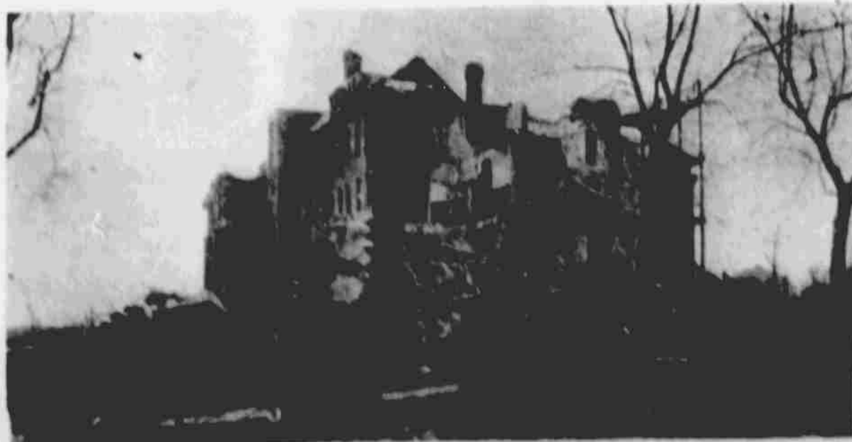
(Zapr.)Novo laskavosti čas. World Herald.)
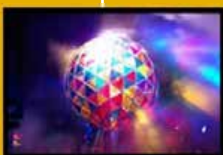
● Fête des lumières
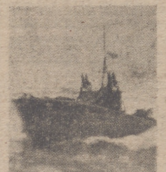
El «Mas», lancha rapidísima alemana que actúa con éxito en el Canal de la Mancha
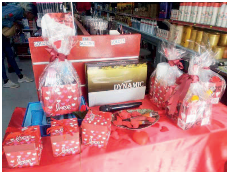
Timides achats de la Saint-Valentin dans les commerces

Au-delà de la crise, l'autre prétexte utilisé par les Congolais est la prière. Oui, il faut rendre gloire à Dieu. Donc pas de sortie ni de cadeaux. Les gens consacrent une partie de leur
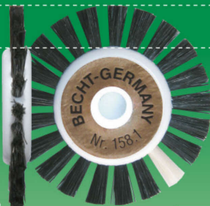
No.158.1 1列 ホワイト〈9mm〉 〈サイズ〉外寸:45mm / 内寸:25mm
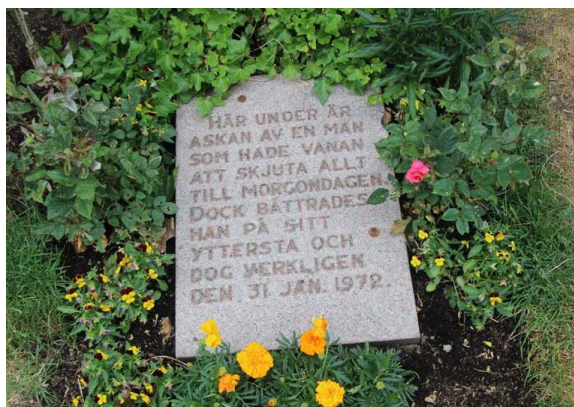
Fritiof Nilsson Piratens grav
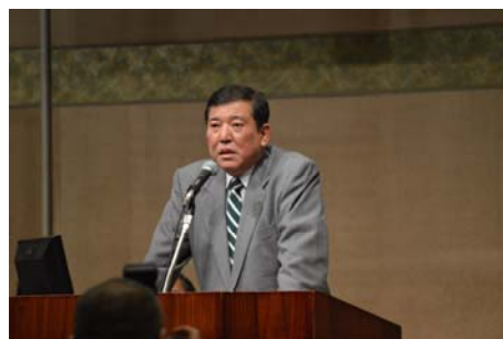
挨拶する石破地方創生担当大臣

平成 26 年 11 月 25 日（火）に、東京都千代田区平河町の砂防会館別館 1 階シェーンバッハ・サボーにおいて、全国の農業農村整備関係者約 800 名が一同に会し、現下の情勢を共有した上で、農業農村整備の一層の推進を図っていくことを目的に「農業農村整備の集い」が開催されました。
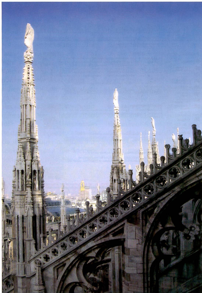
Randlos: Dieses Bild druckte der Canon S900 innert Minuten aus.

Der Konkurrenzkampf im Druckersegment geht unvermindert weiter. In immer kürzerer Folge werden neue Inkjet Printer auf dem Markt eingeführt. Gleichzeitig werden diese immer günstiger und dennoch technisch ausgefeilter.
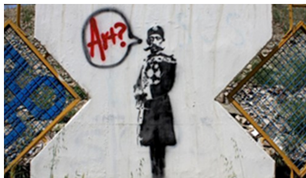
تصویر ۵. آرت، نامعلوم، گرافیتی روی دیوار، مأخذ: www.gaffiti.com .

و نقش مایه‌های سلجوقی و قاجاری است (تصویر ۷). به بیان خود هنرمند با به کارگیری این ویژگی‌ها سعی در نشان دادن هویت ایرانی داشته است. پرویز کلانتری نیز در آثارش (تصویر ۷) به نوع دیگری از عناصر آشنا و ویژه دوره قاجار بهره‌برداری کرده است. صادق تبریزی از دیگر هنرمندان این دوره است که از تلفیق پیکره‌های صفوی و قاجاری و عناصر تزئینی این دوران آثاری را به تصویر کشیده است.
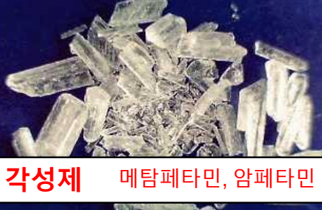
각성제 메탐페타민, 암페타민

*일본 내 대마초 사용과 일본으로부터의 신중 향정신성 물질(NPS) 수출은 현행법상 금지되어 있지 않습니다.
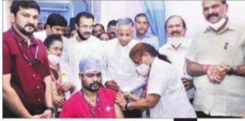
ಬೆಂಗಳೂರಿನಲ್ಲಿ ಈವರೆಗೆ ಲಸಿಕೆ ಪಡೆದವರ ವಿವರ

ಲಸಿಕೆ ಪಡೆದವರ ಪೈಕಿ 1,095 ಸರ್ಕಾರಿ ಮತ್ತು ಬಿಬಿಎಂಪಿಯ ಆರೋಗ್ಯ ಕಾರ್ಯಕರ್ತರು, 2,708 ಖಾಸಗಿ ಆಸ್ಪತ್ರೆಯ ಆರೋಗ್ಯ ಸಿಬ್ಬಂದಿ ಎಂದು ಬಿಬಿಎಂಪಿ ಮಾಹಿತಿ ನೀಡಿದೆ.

★ ★ ★ ★

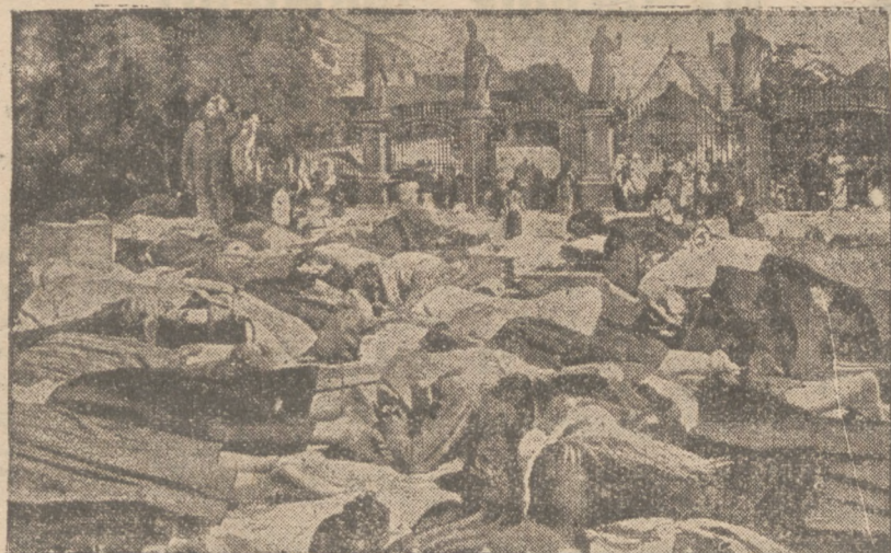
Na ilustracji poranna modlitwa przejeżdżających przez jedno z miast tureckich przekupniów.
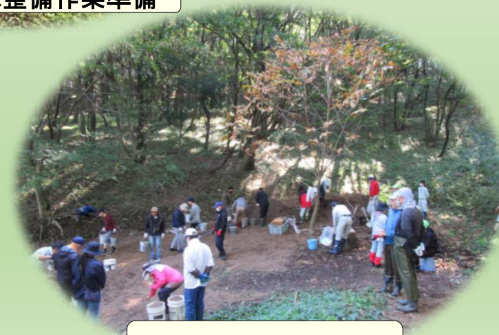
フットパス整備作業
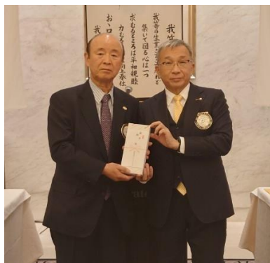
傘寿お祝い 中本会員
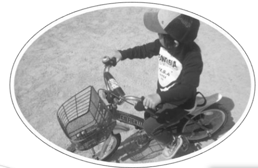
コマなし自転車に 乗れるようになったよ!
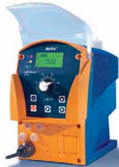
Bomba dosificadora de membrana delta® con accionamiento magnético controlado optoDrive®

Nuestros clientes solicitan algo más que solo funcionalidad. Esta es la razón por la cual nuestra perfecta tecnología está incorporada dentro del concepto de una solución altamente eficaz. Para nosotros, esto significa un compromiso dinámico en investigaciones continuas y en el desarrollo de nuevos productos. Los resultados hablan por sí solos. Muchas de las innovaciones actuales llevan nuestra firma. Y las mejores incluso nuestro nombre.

★ ★ ★ ★

Within the listing above, write out the stretch from the line with "각성제 메탐페타민, 암페타민" through the line with "ಲಸಿಕೆ ಪಡೆದವರ ಪೈಕಿ" exactly. Any pictures are to be left out.

각성제 메탐페타민, 암페타민

*일본 내 대마초 사용과 일본으로부터의 신중 향정신성 물질(NPS) 수출은 현행법상 금지되어 있지 않습니다.
ಬೆಂಗಳೂರಿನಲ್ಲಿ ಈವರೆಗೆ ಲಸಿಕೆ ಪಡೆದವರ ವಿವರ

ಲಸಿಕೆ ಪಡೆದವರ ಪೈಕಿ 1,095 ಸರ್ಕಾರಿ ಮತ್ತು ಬಿಬಿಎಂಪಿಯ ಆರೋಗ್ಯ ಕಾರ್ಯಕರ್ತರು, 2,708 ಖಾಸಗಿ ಆಸ್ಪತ್ರೆಯ ಆರೋಗ್ಯ ಸಿಬ್ಬಂದಿ ಎಂದು ಬಿಬಿಎಂಪಿ ಮಾಹಿತಿ ನೀಡಿದೆ.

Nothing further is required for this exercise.